--- Data to examine Enclosed Below ---

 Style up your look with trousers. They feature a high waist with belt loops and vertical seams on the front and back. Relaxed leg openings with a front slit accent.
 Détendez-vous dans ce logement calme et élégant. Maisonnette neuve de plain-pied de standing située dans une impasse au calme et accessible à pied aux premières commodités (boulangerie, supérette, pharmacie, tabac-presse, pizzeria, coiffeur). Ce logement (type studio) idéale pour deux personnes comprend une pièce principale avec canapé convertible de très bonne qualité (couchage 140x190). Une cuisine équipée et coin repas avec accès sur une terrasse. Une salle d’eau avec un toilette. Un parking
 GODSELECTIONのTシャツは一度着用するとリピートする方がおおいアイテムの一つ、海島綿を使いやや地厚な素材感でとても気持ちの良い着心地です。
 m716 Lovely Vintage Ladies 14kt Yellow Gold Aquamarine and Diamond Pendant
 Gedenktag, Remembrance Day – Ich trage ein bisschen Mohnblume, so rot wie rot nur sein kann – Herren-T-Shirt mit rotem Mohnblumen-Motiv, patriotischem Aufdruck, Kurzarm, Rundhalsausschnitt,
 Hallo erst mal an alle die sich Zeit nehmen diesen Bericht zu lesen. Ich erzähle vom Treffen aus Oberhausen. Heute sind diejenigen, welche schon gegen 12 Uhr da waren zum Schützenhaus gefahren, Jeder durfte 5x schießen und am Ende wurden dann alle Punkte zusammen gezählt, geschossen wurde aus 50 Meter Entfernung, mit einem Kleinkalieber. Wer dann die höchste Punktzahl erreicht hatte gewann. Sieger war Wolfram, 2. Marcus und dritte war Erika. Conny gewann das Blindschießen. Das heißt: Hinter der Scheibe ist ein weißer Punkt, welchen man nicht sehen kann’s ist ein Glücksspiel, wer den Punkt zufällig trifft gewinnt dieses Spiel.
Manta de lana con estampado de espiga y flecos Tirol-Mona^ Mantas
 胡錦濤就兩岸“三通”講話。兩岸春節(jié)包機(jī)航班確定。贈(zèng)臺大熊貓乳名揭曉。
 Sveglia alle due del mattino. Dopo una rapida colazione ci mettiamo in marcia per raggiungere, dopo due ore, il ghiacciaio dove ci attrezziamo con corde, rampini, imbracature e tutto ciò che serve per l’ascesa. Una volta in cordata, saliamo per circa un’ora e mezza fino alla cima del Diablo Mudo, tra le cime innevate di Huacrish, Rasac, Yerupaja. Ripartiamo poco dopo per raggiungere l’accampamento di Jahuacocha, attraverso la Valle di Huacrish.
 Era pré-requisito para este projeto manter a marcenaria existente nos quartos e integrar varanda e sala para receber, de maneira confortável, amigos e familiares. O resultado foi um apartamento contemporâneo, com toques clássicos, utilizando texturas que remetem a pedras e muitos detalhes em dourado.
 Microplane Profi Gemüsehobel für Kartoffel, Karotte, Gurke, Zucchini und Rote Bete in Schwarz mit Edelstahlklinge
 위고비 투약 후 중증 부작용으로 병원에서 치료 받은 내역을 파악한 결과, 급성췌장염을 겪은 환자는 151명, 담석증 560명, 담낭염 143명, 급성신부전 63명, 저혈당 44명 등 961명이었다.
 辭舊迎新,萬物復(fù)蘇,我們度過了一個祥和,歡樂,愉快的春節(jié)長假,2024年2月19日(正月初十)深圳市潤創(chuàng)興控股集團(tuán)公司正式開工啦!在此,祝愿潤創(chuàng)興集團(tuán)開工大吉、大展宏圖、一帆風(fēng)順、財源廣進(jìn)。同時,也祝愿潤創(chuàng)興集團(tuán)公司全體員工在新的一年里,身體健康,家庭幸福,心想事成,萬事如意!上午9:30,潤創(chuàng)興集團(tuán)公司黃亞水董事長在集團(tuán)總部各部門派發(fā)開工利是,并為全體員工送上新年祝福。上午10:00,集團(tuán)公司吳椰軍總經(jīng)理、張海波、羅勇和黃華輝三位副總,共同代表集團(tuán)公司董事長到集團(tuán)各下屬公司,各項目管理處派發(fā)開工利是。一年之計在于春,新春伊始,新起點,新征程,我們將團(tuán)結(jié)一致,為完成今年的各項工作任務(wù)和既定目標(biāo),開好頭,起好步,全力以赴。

--- End of Enclosed Data to examine ---

▸ **Requirement**:
Give back the entire listing, line for line, exactly as it stands.

▸ **Output of the exercise**:
 Style up your look with trousers. They feature a high waist with belt loops and vertical seams on the front and back. Relaxed leg openings with a front slit accent.
 Détendez-vous dans ce logement calme et élégant. Maisonnette neuve de plain-pied de standing située dans une impasse au calme et accessible à pied aux premières commodités (boulangerie, supérette, pharmacie, tabac-presse, pizzeria, coiffeur). Ce logement (type studio) idéale pour deux personnes comprend une pièce principale avec canapé convertible de très bonne qualité (couchage 140x190). Une cuisine équipée et coin repas avec accès sur une terrasse. Une salle d’eau avec un toilette. Un parking
 GODSELECTIONのTシャツは一度着用するとリピートする方がおおいアイテムの一つ、海島綿を使いやや地厚な素材感でとても気持ちの良い着心地です。
 m716 Lovely Vintage Ladies 14kt Yellow Gold Aquamarine and Diamond Pendant
 Gedenktag, Remembrance Day – Ich trage ein bisschen Mohnblume, so rot wie rot nur sein kann – Herren-T-Shirt mit rotem Mohnblumen-Motiv, patriotischem Aufdruck, Kurzarm, Rundhalsausschnitt,
 Hallo erst mal an alle die sich Zeit nehmen diesen Bericht zu lesen. Ich erzähle vom Treffen aus Oberhausen. Heute sind diejenigen, welche schon gegen 12 Uhr da waren zum Schützenhaus gefahren, Jeder durfte 5x schießen und am Ende wurden dann alle Punkte zusammen gezählt, geschossen wurde aus 50 Meter Entfernung, mit einem Kleinkalieber. Wer dann die höchste Punktzahl erreicht hatte gewann. Sieger war Wolfram, 2. Marcus und dritte war Erika. Conny gewann das Blindschießen. Das heißt: Hinter der Scheibe ist ein weißer Punkt, welchen man nicht sehen kann’s ist ein Glücksspiel, wer den Punkt zufällig trifft gewinnt dieses Spiel.
Manta de lana con estampado de espiga y flecos Tirol-Mona^ Mantas
 胡錦濤就兩岸“三通”講話。兩岸春節(jié)包機(jī)航班確定。贈(zèng)臺大熊貓乳名揭曉。
 Sveglia alle due del mattino. Dopo una rapida colazione ci mettiamo in marcia per raggiungere, dopo due ore, il ghiacciaio dove ci attrezziamo con corde, rampini, imbracature e tutto ciò che serve per l’ascesa. Una volta in cordata, saliamo per circa un’ora e mezza fino alla cima del Diablo Mudo, tra le cime innevate di Huacrish, Rasac, Yerupaja. Ripartiamo poco dopo per raggiungere l’accampamento di Jahuacocha, attraverso la Valle di Huacrish.
 Era pré-requisito para este projeto manter a marcenaria existente nos quartos e integrar varanda e sala para receber, de maneira confortável, amigos e familiares. O resultado foi um apartamento contemporâneo, com toques clássicos, utilizando texturas que remetem a pedras e muitos detalhes em dourado.
 Microplane Profi Gemüsehobel für Kartoffel, Karotte, Gurke, Zucchini und Rote Bete in Schwarz mit Edelstahlklinge
 위고비 투약 후 중증 부작용으로 병원에서 치료 받은 내역을 파악한 결과, 급성췌장염을 겪은 환자는 151명, 담석증 560명, 담낭염 143명, 급성신부전 63명, 저혈당 44명 등 961명이었다.
 辭舊迎新,萬物復(fù)蘇,我們度過了一個祥和,歡樂,愉快的春節(jié)長假,2024年2月19日(正月初十)深圳市潤創(chuàng)興控股集團(tuán)公司正式開工啦!在此,祝愿潤創(chuàng)興集團(tuán)開工大吉、大展宏圖、一帆風(fēng)順、財源廣進(jìn)。同時,也祝愿潤創(chuàng)興集團(tuán)公司全體員工在新的一年里,身體健康,家庭幸福,心想事成,萬事如意!上午9:30,潤創(chuàng)興集團(tuán)公司黃亞水董事長在集團(tuán)總部各部門派發(fā)開工利是,并為全體員工送上新年祝福。上午10:00,集團(tuán)公司吳椰軍總經(jīng)理、張海波、羅勇和黃華輝三位副總,共同代表集團(tuán)公司董事長到集團(tuán)各下屬公司,各項目管理處派發(fā)開工利是。一年之計在于春,新春伊始,新起點,新征程,我們將團(tuán)結(jié)一致,為完成今年的各項工作任務(wù)和既定目標(biāo),開好頭,起好步,全力以赴。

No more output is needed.